··· Dataset extract ···

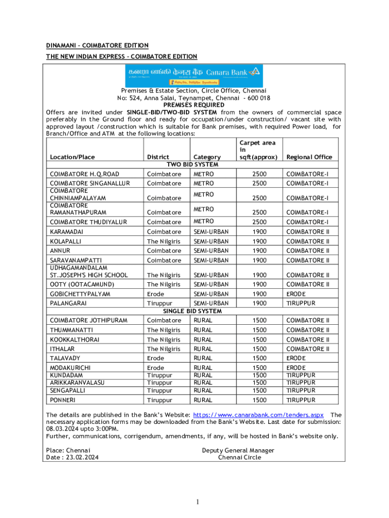 Get the free Offers are invited under SINGLE-BID/TWO-BID SYSTEM from the owners of commercial space
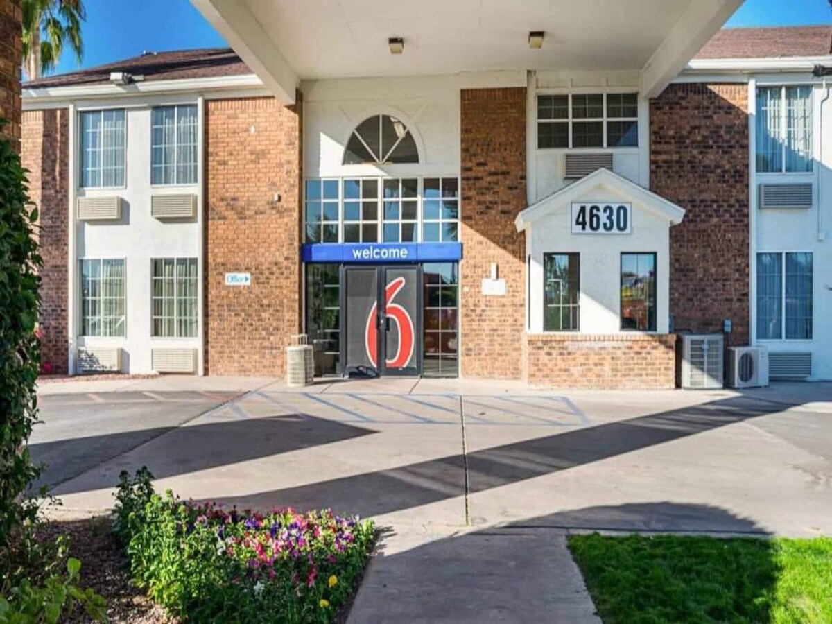 Settle in and stay a while at this clean, budget-friendly king room, perfect for work crews, long-term guests, or road-trippers passing through Tucson. Conveniently located just off I-10, our property makes it easy to get around the city — whether you’re heading to job sites, downtown, or local dining spots. Enjoy a comfortable king-size bed, free Wi-Fi, a flat-screen TV, and an in-room mini-fridge and microwave — everything you need for a simple, stress-free stay.
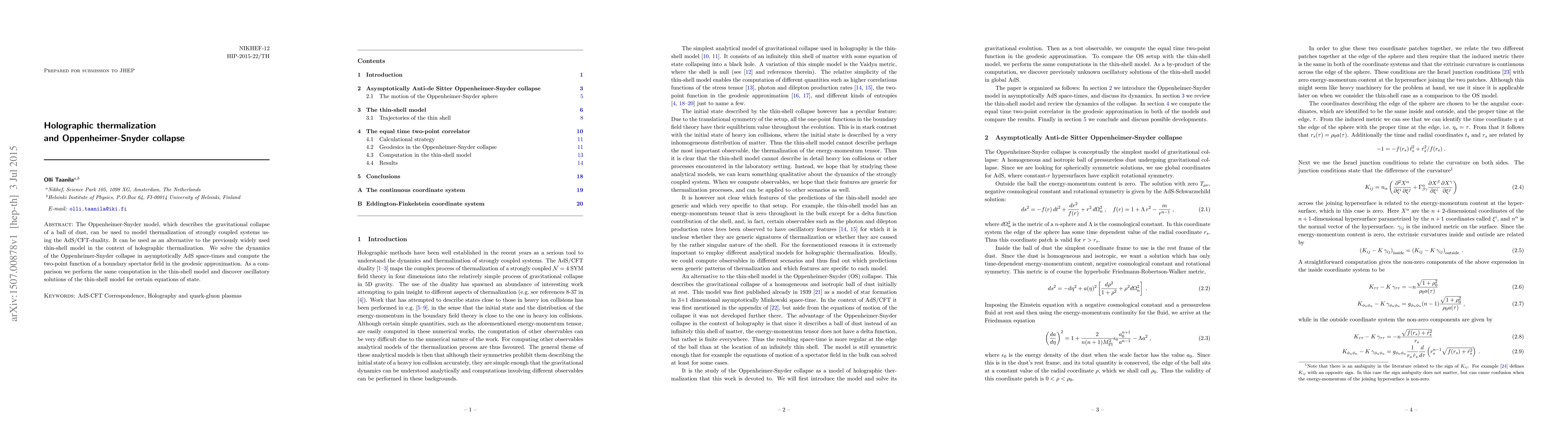 The paper explores the Oppenheimer-Snyder collapse model to study holographic thermalization, comparing it to the thin-shell model and finding oscillatory solutions in the latter for specific conditions. The AdS/CFT-duality is used to model the thermalization process in strongly coupled systems.
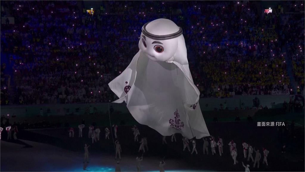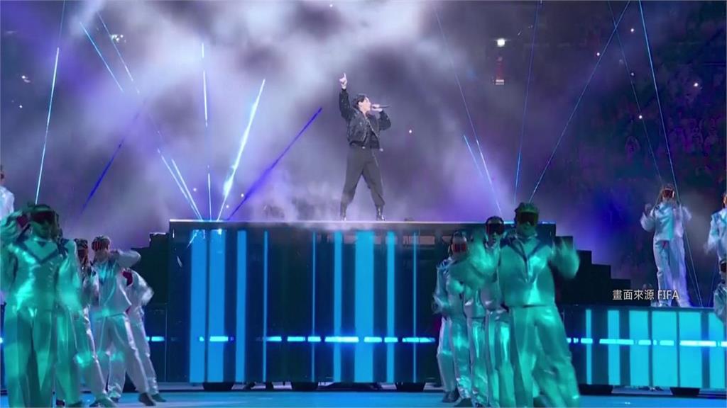 田柾國在世足開幕式上勁歌熱舞。圖/翻攝自FIFA以阿拉伯傳統頭飾為設計概念的吉祥物「拉衣卜」也盛大登場。知名演員摩根費里曼和天生殘疾的穆夫塔也引言開場,摩根費里曼先是向觀眾打招呼,而穆夫塔在引言中表示「我們發出邀請,因為我們歡迎所有人,這是對世界的邀請」。

···

**Activity:** Output the whole listing without change. Any picture is to be left out.

**Task output:**
 Get the free Offers are invited under SINGLE-BID/TWO-BID SYSTEM from the owners of commercial space
 Settle in and stay a while at this clean, budget-friendly king room, perfect for work crews, long-term guests, or road-trippers passing through Tucson. Conveniently located just off I-10, our property makes it easy to get around the city — whether you’re heading to job sites, downtown, or local dining spots. Enjoy a comfortable king-size bed, free Wi-Fi, a flat-screen TV, and an in-room mini-fridge and microwave — everything you need for a simple, stress-free stay.
 The paper explores the Oppenheimer-Snyder collapse model to study holographic thermalization, comparing it to the thin-shell model and finding oscillatory solutions in the latter for specific conditions. The AdS/CFT-duality is used to model the thermalization process in strongly coupled systems.
 田柾國在世足開幕式上勁歌熱舞。圖/翻攝自FIFA以阿拉伯傳統頭飾為設計概念的吉祥物「拉衣卜」也盛大登場。知名演員摩根費里曼和天生殘疾的穆夫塔也引言開場,摩根費里曼先是向觀眾打招呼,而穆夫塔在引言中表示「我們發出邀請,因為我們歡迎所有人,這是對世界的邀請」。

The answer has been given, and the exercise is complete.